Let's get the MTBE (http://en.wikipedia.org/wiki/MTBE) out of the water and dioxin out of the breast milk (two other legacies we could do without but can't get away from) and then talk about introducing other novel compounds into our lives. Let's give the plywood a chance to finish off-gassing and the paints a chance to disperse their VOCs. Let's talk about conservation (someone go get that peanut farmer Carter and bring him back) and reducing our footprints. Let's talk about cutting back our own population numbers significantly so we won't have such a huge demand for electricity that we split atoms to get it. Let's talk about per capita use, the have's and the have-not's, and who's using our current energy supplies for what purposes. (Some folks in Canada want to build a group of nuclear reactors simple to process the oil sands in Alberta to get crude oil out.)

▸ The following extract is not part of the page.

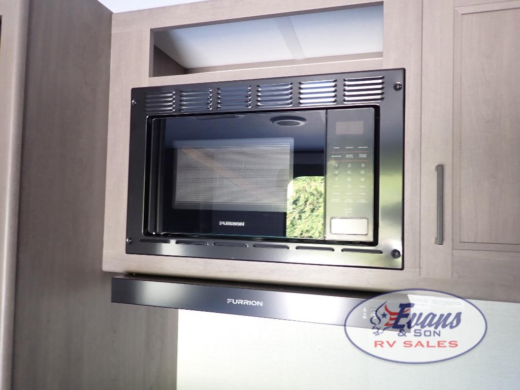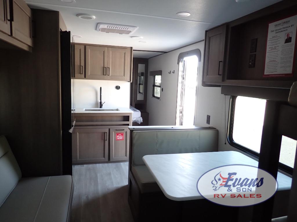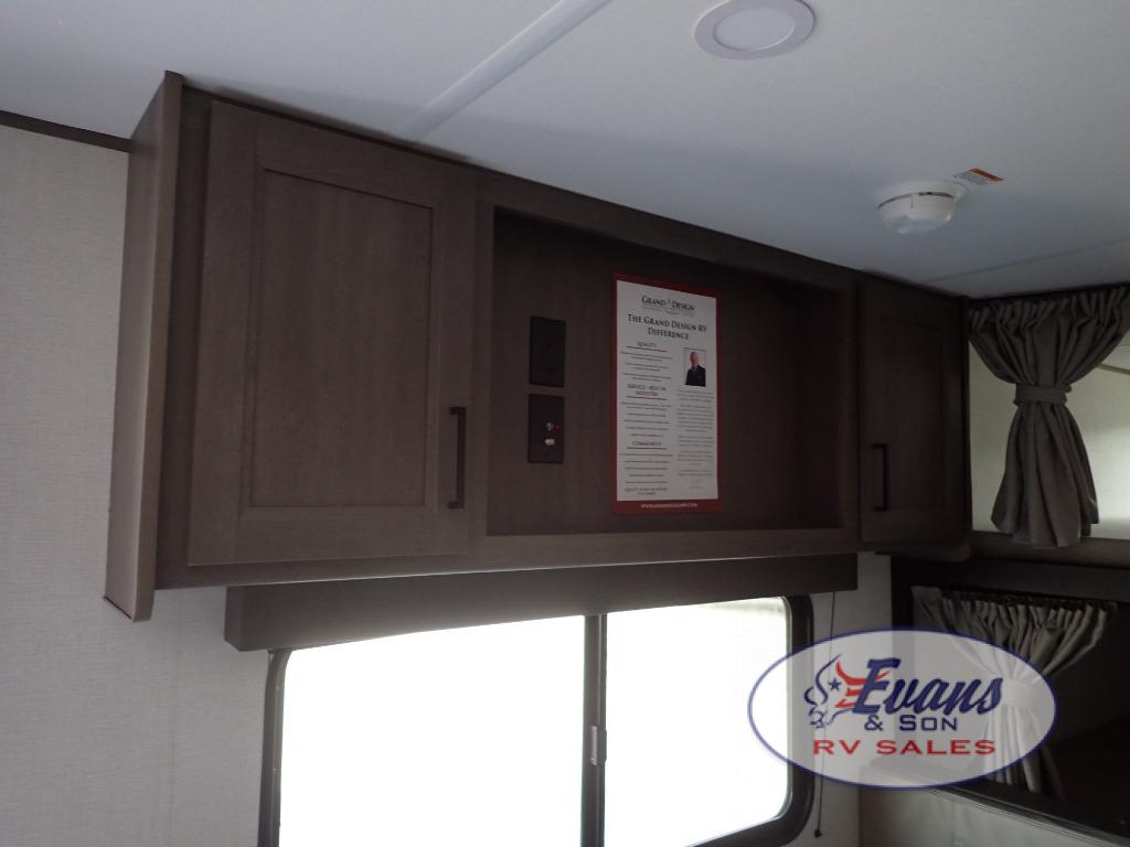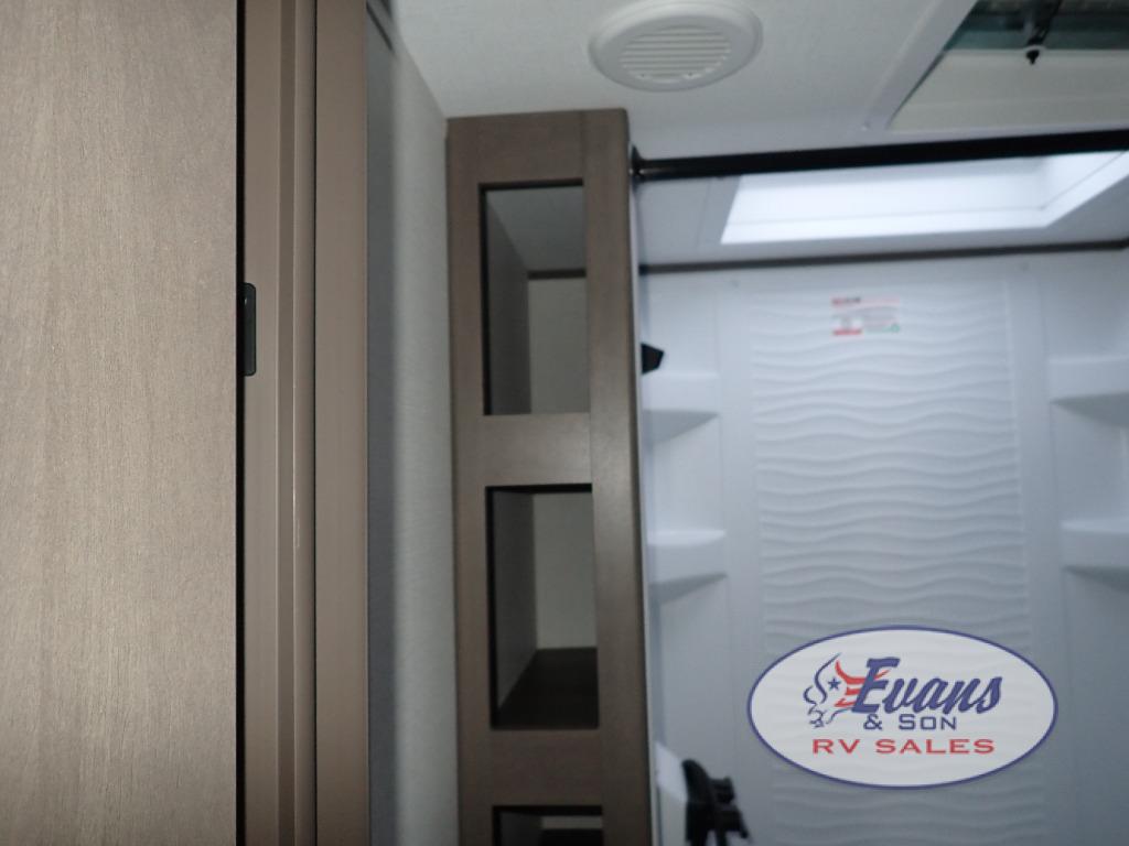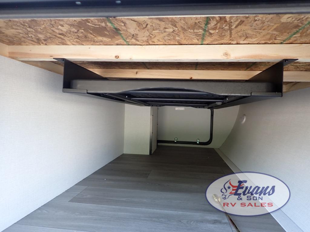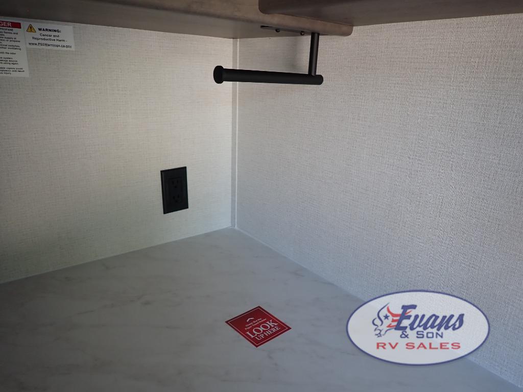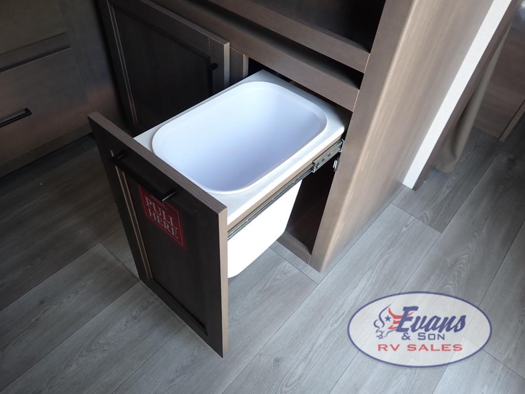 This is the perfect travel trailer if you like to camp with friends and family. Since there are double-size bunks, a queen bed in the front bedroom, plus a booth dinette and sofa, you can sleep eight campers each night! The three burner range and microwave in the kitchen will let you cook meals each day, and the 12V refrigerator will keep your cold items fresh. This model also includes a counter with extra storage underneath, a pull-out trash can storage for convenience, and a full bath to freshen up in each day. And you'll love having your own space in the front bedroom with a privacy curtain, dual wardrobes, and TV prep if you want to add a television!
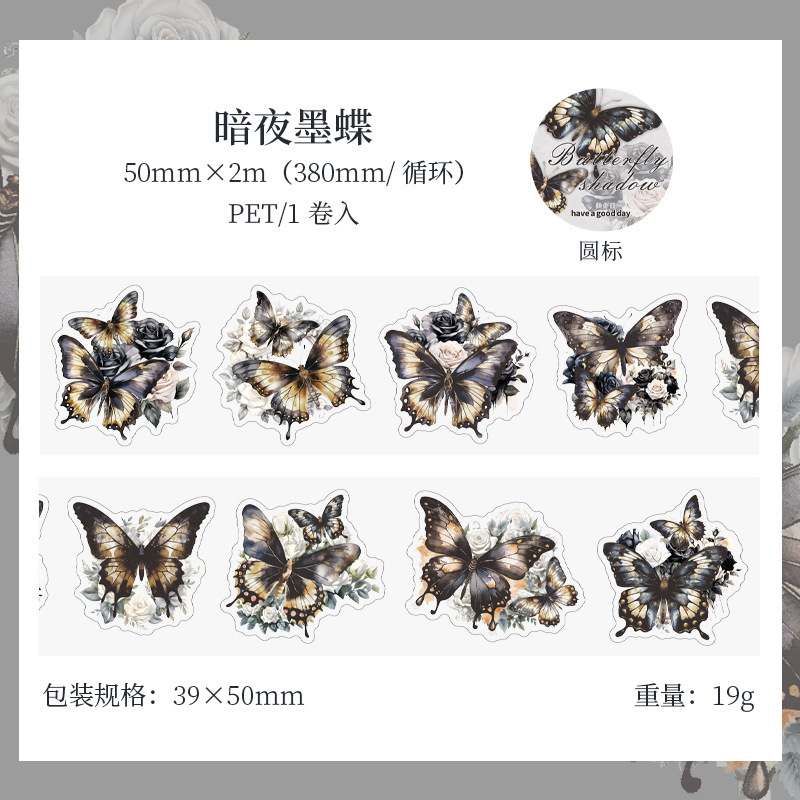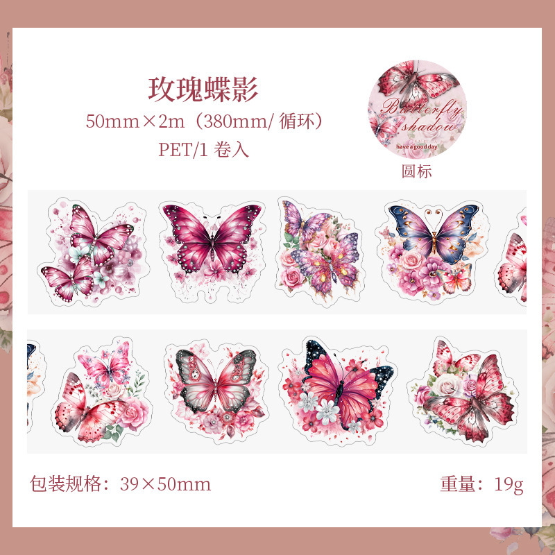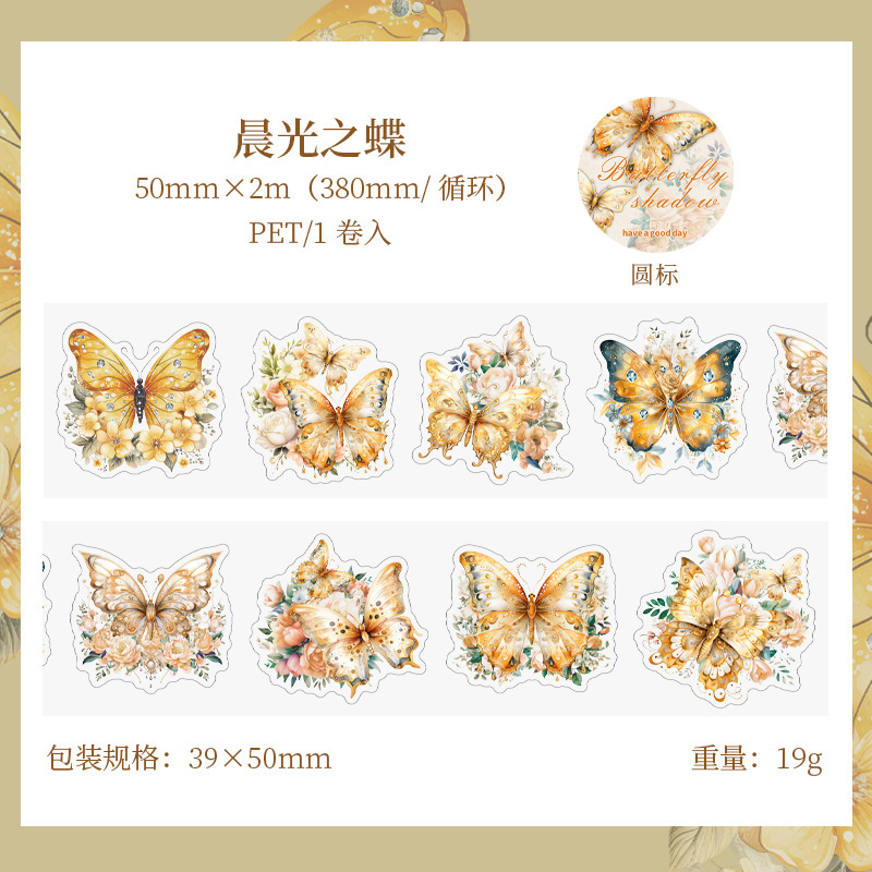 좋은 하루 PET 테이프 판타지 나비 그림자 시리즈 나비 커팅 다이 핸드북 장식 재료 사이클 스티커 6 스타일스토어 가기

As always, let's talk about the future we want and whether or not our current actions are getting us there. I want to see us collectively chill out until we get to a place where we can tell our children that we're finally erring on the side of caution.
1 comment:
It's funny how having a child magnifies your thoughts about the future. Well...er...it's not funny, actually. It's a deep down, soul chilling, throat-closing kind of feeling when I wonder what kind of world Ian will be living in. And his children. And his grand children. If we ever get that far. It's not that I'm a pessimist (though standing next to Michael I certainly always feels like one - the man radiates sunshine)... I'm just...thoughtful, even a bit pensive, when it comes to figuring out exactly what kind of planet will be around when it's Ian's turn to make all the decisions we made: who he'll ask on his first date, what college he'll attend, what he'll plan to do with his life. Maybe he'll be asking himself questions that we can't even fathom in our that-won't-really-happen mindset. Maybe he'll be facing no-kidding survival issues, killer storms, maybe his body will be quitting on him because of the relatively empty food we're putting into ourselves. It makes me think really hard. And it certainly makes me want to do more. And even though I'm just one person recycling, re-using plastic bags (or not using them at all)... and all those seemingly insignificant things, one person is better than none.